== Segment start ==

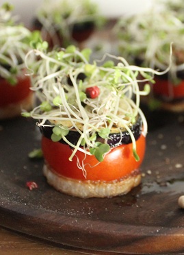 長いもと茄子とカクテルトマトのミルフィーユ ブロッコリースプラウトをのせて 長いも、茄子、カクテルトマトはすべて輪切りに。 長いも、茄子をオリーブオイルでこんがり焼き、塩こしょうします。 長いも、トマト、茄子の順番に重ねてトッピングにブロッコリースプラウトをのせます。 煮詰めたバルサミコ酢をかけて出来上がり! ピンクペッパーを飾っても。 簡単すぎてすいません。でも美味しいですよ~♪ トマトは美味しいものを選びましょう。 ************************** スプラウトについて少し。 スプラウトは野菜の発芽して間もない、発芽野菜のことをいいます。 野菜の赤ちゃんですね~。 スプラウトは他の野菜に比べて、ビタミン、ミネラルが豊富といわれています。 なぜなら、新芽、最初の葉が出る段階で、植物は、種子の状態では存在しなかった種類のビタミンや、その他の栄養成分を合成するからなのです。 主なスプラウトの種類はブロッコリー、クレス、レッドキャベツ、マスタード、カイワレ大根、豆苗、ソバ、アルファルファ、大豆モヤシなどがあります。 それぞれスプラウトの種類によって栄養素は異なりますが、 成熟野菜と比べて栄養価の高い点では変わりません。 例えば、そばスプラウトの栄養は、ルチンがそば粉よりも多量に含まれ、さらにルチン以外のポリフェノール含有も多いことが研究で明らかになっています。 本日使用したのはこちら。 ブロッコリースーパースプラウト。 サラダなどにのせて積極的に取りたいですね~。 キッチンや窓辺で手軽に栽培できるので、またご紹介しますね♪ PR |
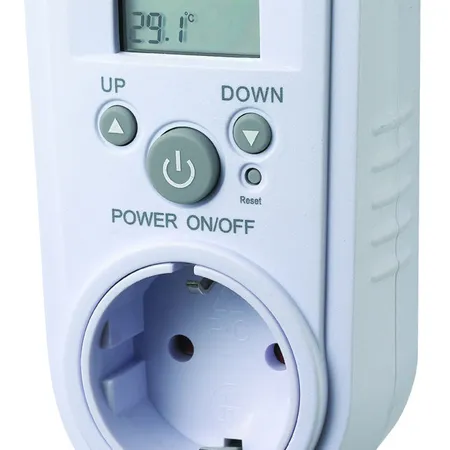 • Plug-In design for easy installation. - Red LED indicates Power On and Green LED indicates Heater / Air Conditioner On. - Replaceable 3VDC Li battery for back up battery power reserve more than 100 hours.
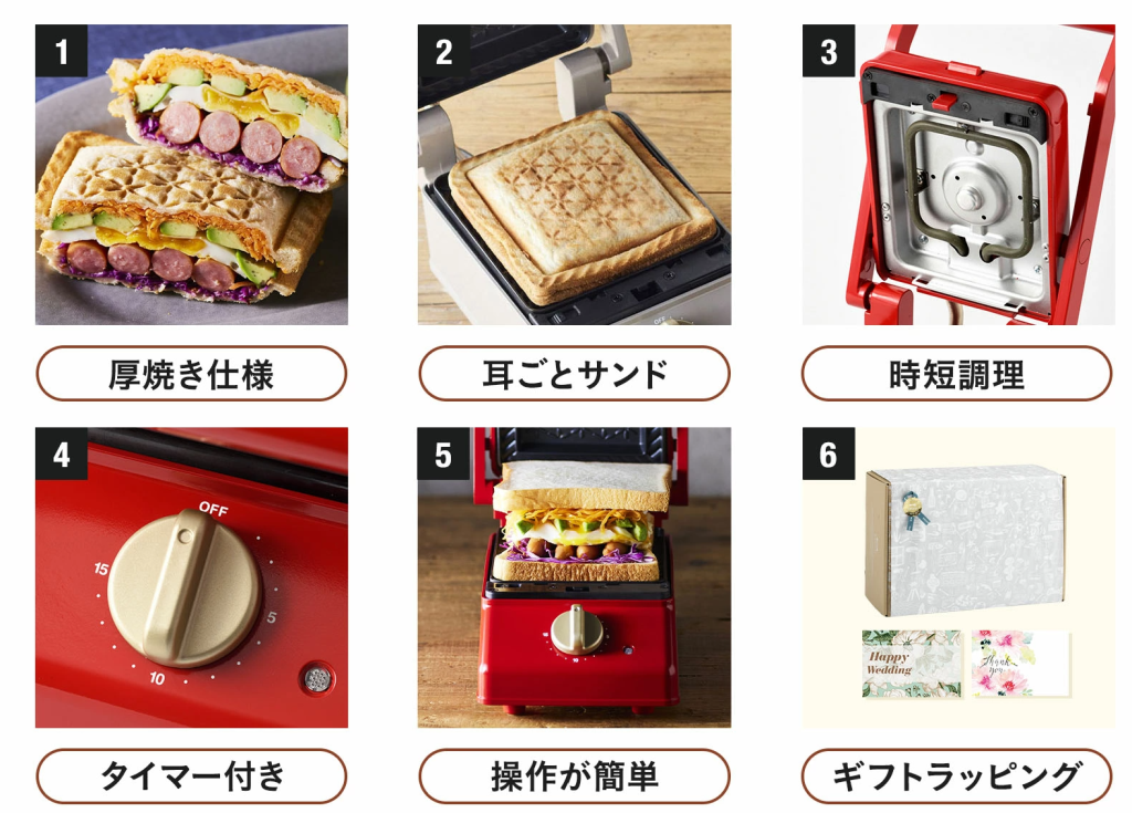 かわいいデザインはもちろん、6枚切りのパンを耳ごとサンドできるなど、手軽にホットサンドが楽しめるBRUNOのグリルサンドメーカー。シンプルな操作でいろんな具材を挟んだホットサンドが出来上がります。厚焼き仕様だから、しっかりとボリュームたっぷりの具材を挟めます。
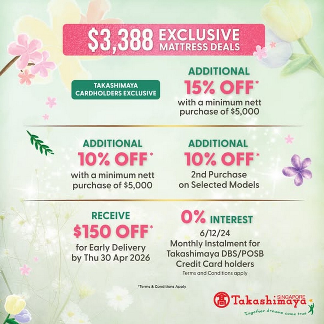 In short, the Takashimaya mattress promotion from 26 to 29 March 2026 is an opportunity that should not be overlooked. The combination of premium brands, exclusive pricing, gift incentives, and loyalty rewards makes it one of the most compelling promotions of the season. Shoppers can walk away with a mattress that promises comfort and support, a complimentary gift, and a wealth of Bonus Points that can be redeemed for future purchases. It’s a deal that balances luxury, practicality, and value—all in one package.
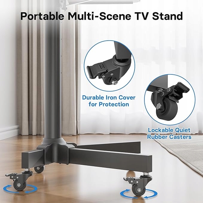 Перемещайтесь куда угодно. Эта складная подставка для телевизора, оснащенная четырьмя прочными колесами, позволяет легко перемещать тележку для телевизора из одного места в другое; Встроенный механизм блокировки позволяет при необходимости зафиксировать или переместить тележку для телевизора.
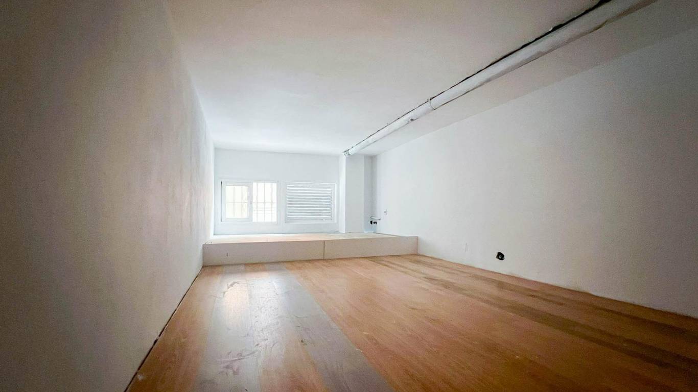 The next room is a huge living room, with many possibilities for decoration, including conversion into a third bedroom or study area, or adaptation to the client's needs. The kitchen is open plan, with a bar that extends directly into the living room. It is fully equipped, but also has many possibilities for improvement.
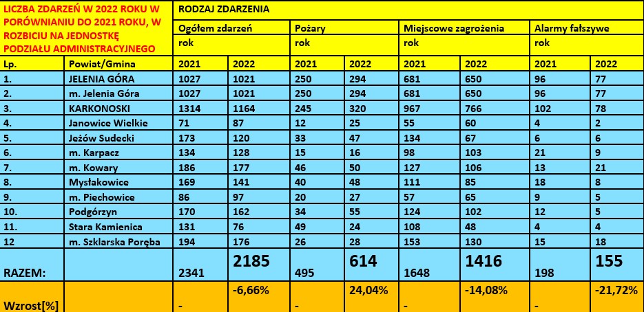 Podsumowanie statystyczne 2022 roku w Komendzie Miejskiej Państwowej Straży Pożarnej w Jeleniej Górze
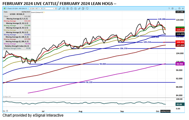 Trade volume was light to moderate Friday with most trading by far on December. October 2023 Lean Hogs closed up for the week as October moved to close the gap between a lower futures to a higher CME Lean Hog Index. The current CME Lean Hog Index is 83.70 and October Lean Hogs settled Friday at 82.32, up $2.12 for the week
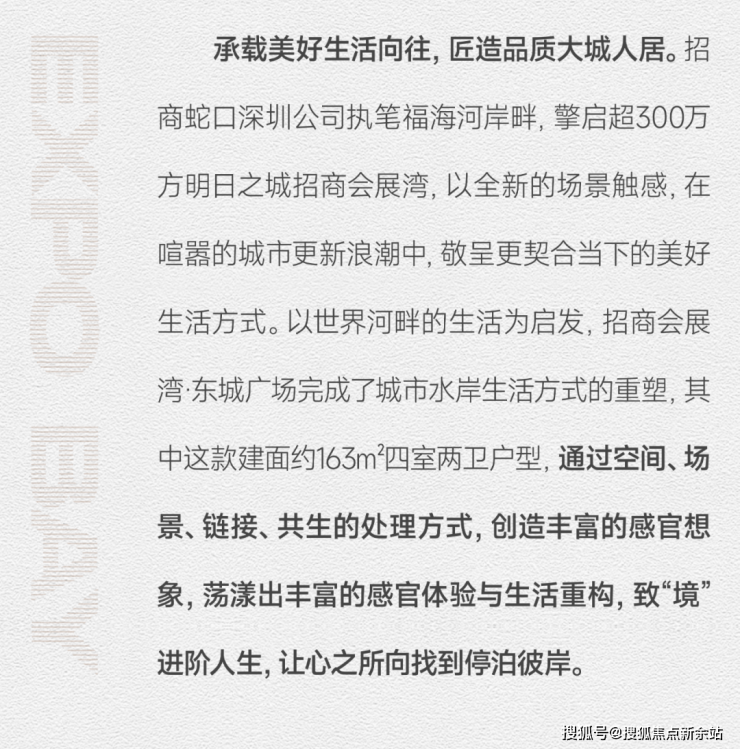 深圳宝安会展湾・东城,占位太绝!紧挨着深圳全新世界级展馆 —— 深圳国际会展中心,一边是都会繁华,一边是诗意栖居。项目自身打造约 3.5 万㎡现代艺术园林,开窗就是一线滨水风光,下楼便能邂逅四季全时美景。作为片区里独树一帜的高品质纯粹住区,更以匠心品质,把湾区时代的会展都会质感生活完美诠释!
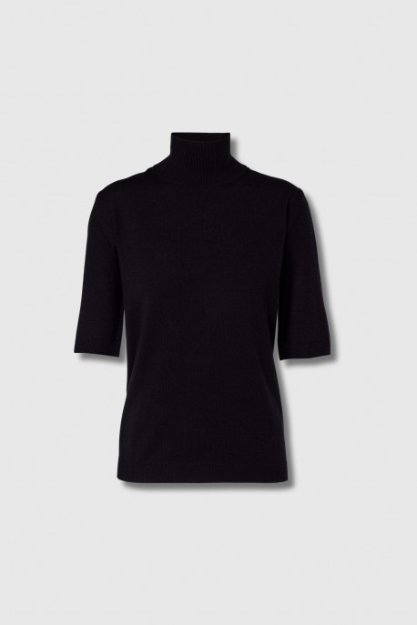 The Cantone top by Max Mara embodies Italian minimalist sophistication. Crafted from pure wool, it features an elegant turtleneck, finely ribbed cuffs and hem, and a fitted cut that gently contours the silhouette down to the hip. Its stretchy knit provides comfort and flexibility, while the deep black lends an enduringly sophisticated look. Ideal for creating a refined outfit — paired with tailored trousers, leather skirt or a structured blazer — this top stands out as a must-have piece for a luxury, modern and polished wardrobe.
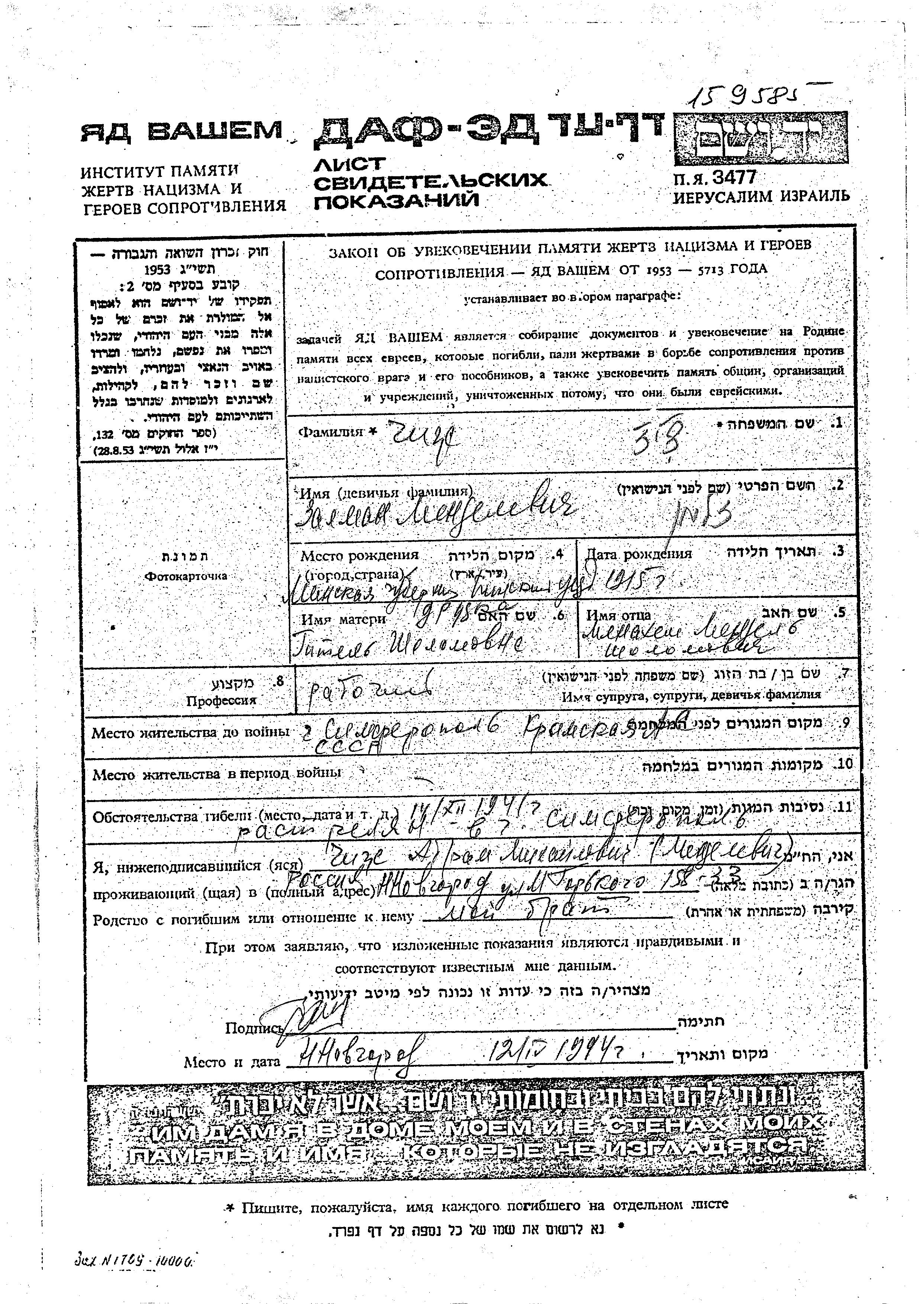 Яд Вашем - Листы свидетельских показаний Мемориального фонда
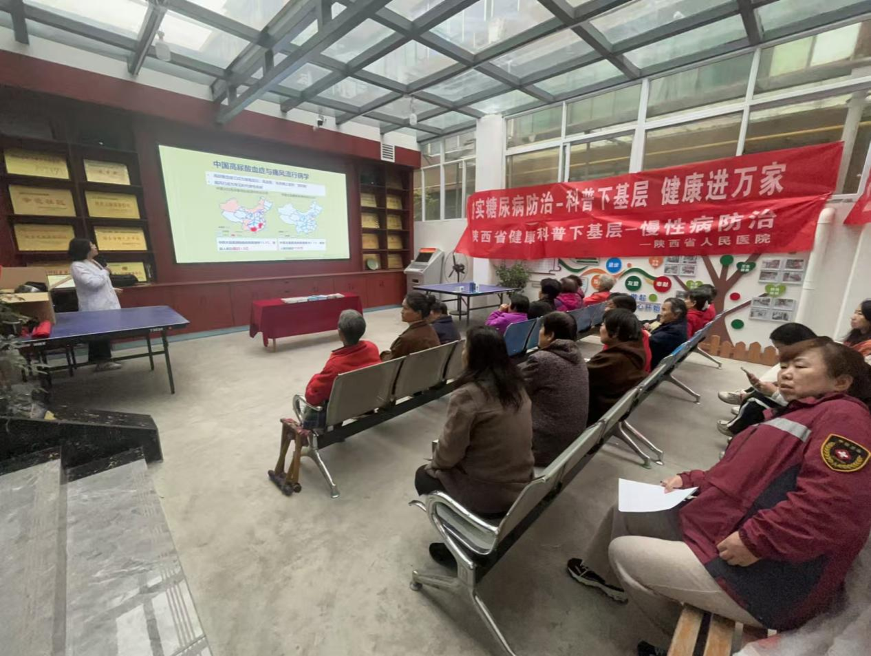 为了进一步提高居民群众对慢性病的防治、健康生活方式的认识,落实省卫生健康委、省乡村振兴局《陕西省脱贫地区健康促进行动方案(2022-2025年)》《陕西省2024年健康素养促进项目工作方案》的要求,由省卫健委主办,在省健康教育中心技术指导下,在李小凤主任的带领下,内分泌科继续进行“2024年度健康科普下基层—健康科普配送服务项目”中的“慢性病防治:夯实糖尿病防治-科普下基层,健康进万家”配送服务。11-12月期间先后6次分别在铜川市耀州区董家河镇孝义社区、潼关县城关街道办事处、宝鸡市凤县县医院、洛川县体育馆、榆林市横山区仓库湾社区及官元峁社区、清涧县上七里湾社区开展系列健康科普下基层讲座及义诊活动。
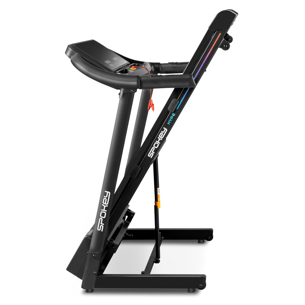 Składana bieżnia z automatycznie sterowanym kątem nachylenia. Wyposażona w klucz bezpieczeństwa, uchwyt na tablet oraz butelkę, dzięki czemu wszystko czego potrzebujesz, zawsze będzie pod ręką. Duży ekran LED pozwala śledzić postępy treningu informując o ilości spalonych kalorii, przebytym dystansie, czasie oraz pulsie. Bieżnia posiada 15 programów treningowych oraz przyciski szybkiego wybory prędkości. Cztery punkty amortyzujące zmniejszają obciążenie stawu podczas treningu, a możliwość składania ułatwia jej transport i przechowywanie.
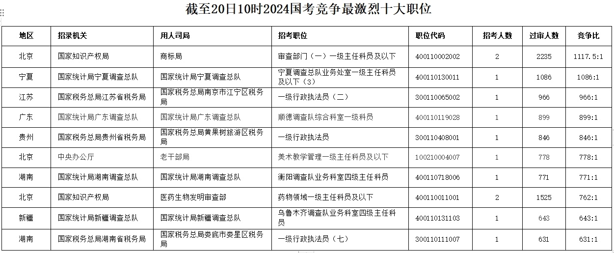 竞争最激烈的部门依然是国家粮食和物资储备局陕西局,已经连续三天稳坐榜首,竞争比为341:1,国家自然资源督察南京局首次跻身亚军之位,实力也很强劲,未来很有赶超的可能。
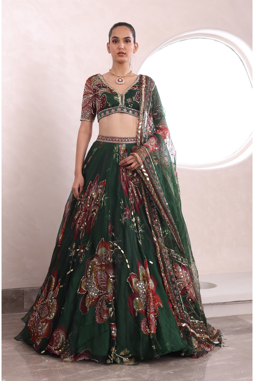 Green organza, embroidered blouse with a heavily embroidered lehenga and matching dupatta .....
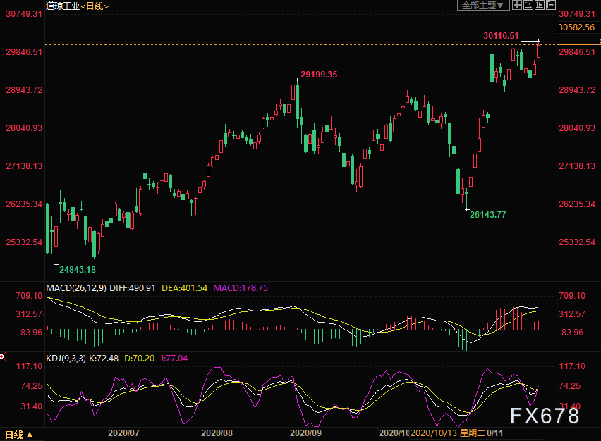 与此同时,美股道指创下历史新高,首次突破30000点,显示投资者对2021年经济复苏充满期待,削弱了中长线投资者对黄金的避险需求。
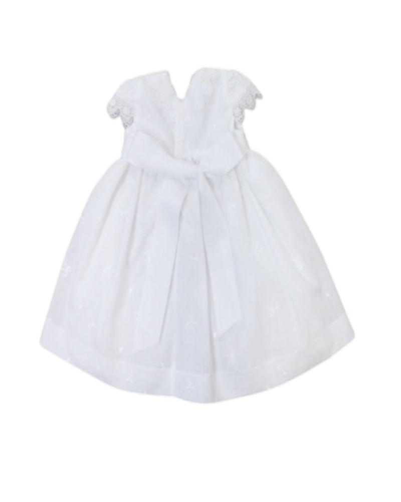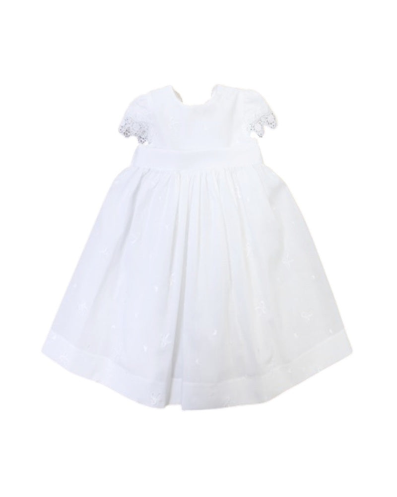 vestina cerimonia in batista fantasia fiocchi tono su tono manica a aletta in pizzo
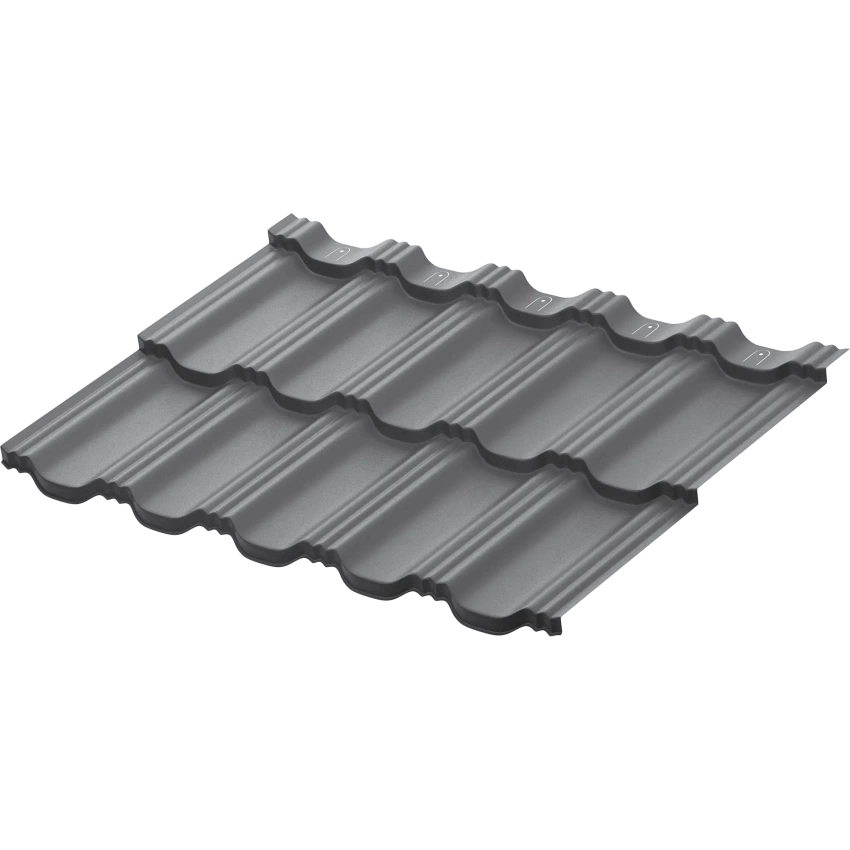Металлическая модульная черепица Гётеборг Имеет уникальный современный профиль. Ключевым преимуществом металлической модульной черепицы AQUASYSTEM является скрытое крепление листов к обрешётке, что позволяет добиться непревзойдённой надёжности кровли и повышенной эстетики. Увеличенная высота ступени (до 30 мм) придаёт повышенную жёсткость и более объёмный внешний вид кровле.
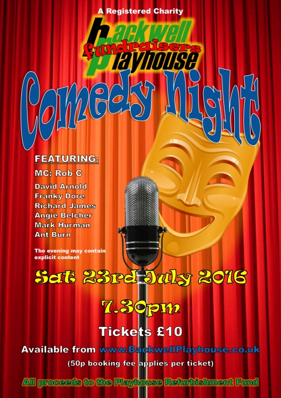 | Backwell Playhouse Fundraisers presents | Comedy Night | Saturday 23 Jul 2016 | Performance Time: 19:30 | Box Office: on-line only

== Segment end ==

■ **Problem to work on**: Look at the listing and set down only the lines from its start through the line with "than 100 hours.", word for word and without pictures.

■ **The completed task**:
 長いもと茄子とカクテルトマトのミルフィーユ ブロッコリースプラウトをのせて 長いも、茄子、カクテルトマトはすべて輪切りに。 長いも、茄子をオリーブオイルでこんがり焼き、塩こしょうします。 長いも、トマト、茄子の順番に重ねてトッピングにブロッコリースプラウトをのせます。 煮詰めたバルサミコ酢をかけて出来上がり! ピンクペッパーを飾っても。 簡単すぎてすいません。でも美味しいですよ~♪ トマトは美味しいものを選びましょう。 ************************** スプラウトについて少し。 スプラウトは野菜の発芽して間もない、発芽野菜のことをいいます。 野菜の赤ちゃんですね~。 スプラウトは他の野菜に比べて、ビタミン、ミネラルが豊富といわれています。 なぜなら、新芽、最初の葉が出る段階で、植物は、種子の状態では存在しなかった種類のビタミンや、その他の栄養成分を合成するからなのです。 主なスプラウトの種類はブロッコリー、クレス、レッドキャベツ、マスタード、カイワレ大根、豆苗、ソバ、アルファルファ、大豆モヤシなどがあります。 それぞれスプラウトの種類によって栄養素は異なりますが、 成熟野菜と比べて栄養価の高い点では変わりません。 例えば、そばスプラウトの栄養は、ルチンがそば粉よりも多量に含まれ、さらにルチン以外のポリフェノール含有も多いことが研究で明らかになっています。 本日使用したのはこちら。 ブロッコリースーパースプラウト。 サラダなどにのせて積極的に取りたいですね~。 キッチンや窓辺で手軽に栽培できるので、またご紹介しますね♪ PR |
 • Plug-In design for easy installation. - Red LED indicates Power On and Green LED indicates Heater / Air Conditioner On. - Replaceable 3VDC Li battery for back up battery power reserve more than 100 hours.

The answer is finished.